Lockitron Admits FailureAuthor: Brian Rhodes, Published on Jan 29, 2015
They were Silicon Valley's chosen one.
The company who was going to disrupt access control, backed by the biggest incubator and cheered on by the tech press.
However, as IPVM test results showed, the product had massive problems.
And now, Lockitron is admitting failure.
In this note, we examine what went wrong, what they are doing now and how this impacts the smart lock market.
Lockitron aimed to put the old and dusty door lock market on notice by introducing a networked access controller to residential and small business customers. Their first Lockitron offering was a massive crowd funding success story, where the company turned nothing but an idea in over two million dollars worth of presales in just a few months.
Core features of the crowd funded Lockitron included complete smartphone management, where a user could be hundreds of miles away yet still lock or unlock an opening. Even better, temporary access could be shared with other users. Visitors did not need keys, just mobile permissions to enter granted by the app.
Moreover, Lockitron claimed that it could be installed by anyone, it worked with any door lock, and users would be up and running in minutes. The $179 price, while high, still hit the sweet spot with the DIYers and the product sold more than ten thousand units in mere weeks. Indeed, the product won huge accolades and hype as an example of how Silicon Valley ideas and Crowdfunding support could revolutionize established markets like door hardware.
However, Lockitron could not solve several problems that caused early reviews to pan the offering. Even after several delays and rework batches, the product never overcame the following problems:
- Installation: Even though Lockitron claimed universal compatibility and easy install in minutes, the company learned that many users needed an hour or more to install the unit and adjust the door lock. Some users simply found their lock and door would just not fit the device at all.
- Battery Life: Instead of the claimed 6-month lifecycle from the internal power pack, many users found batteries lasted 2 or 3 weeks.
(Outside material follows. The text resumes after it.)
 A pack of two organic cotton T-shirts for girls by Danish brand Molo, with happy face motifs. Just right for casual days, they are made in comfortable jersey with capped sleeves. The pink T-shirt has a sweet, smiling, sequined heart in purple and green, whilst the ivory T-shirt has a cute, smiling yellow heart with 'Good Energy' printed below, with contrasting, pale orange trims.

Even when used within normal parameters, the unit drained juice rapidly.
- Responsiveness: Missteps and miscalculations surrounding WiFi connectivity and the delayed 'Sense' feature were continual trouble issues, with many users finding the lock offline when needed and taking more than a minute to wake up before unlocking a door.
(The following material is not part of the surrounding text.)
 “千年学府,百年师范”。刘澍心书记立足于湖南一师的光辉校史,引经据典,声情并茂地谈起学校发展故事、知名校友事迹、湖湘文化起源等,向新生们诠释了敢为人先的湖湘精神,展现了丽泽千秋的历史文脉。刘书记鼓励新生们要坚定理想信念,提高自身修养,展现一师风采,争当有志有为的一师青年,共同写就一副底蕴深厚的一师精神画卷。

- Manufacturing: Perhaps the biggest problems came in sourcing components and production for the device. While engineering and design was based in the US, the company found considerable problems trying to find reliable suppliers overseas.
Now, Lockitron is "moving all our efforts to manufacturing Lockitron Bolt", a new separate product replacing the initial offering. The new unit is an entire replacement lock rather than a retrofit device. The new design strips out some of the problem features, and overall is a smaller unit:
With a reduced price of $99, the new Bolt promises the same basic features of the original with the following changes:
- 'Knock' is Gone: The sensor detecting when a user taps on the door to awaken the lock is gone. The company explained "We found that certain doors would trigger the knock sensor too easily, keeping the Lockitron awake and draining batteries" too quickly. Rather than trying to re-engineer the sensor, Bolt simply drops it.
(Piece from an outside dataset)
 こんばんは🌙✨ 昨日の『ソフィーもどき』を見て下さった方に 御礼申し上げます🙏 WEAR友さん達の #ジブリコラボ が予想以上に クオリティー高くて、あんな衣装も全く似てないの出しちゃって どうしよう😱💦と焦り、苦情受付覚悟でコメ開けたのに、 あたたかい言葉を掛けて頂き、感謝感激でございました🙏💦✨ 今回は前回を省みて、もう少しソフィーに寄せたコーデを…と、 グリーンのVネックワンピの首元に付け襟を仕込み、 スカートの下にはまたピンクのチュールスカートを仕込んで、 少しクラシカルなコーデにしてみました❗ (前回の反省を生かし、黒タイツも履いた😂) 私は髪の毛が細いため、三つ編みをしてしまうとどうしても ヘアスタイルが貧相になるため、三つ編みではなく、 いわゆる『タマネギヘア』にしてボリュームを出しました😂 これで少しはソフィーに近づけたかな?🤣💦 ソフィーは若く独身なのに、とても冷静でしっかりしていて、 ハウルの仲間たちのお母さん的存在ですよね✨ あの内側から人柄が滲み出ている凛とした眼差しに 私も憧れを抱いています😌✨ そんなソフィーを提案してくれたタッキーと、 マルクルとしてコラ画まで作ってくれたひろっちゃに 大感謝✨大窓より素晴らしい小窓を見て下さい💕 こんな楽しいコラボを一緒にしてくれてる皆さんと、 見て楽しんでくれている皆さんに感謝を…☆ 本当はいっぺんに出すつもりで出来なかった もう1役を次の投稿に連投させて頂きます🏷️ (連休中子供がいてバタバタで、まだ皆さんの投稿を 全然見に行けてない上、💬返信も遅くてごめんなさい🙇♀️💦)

- External WiFi: Another battery suck and big performance issue was the onboard WiFi chip. With Bolt, Lockitron reworks connectivity to use a separate wall powered hub called a Bridge that is connected to the Lock via BLE. The company claims this change offers "instantly responsive WiFi".
- New Keyed Locks: The replacement lock approach means the internal lock cylinder will need to be repinned to match existing door locks and keys. The company claims it will eventually offer a service that does this, but in the meantime "your local hardware store can match your existing key for $5-15..."
The company did not ship all the initial orders for the initial Lockitron, and instead is asking early backers to migrate their orders to Bolt that is planned to start shipping in a few months.
The Future of Smart Locks
The failure of Lockitron to produce a successful product should be a sobering example of the difficult realities of design, manufacturing, and bringing ideas to market in access control (and beyond)! Among the key lessons learned:
Doors are Complex: Despite being simple to work and common, the actual mechanical aspects of a door and lock are complex. Not only is there a wide variety of hardware in use, but the ease of operation and condition of that hardware can quickly complicate a simple idea. Underestimating typical binding, bending, and wind buffeting on doors contributed greatly to the doom of Lockitron.
Good Ideas Are Not Enough: Even when a 'game changing' concept hits the market and is met with millions of dollars in support, a glut of hard work and potential showstoppers still remain before commercial viability. Lockitron has learned this the hard way, and has expended most of the good will and enthusiasm the product won early on. Only time will show if Bolt helps the company deliver.
Will other smart locks fall victim to the same problems? There is good chance. Many of the competing offerings like August, Goji, and Kevo have experienced similar delays, although none appear as drastic and dramatic as Lockitron. Overall, users of smart locks should temper their excitement with a heavy amount of skepticism until the segment matures.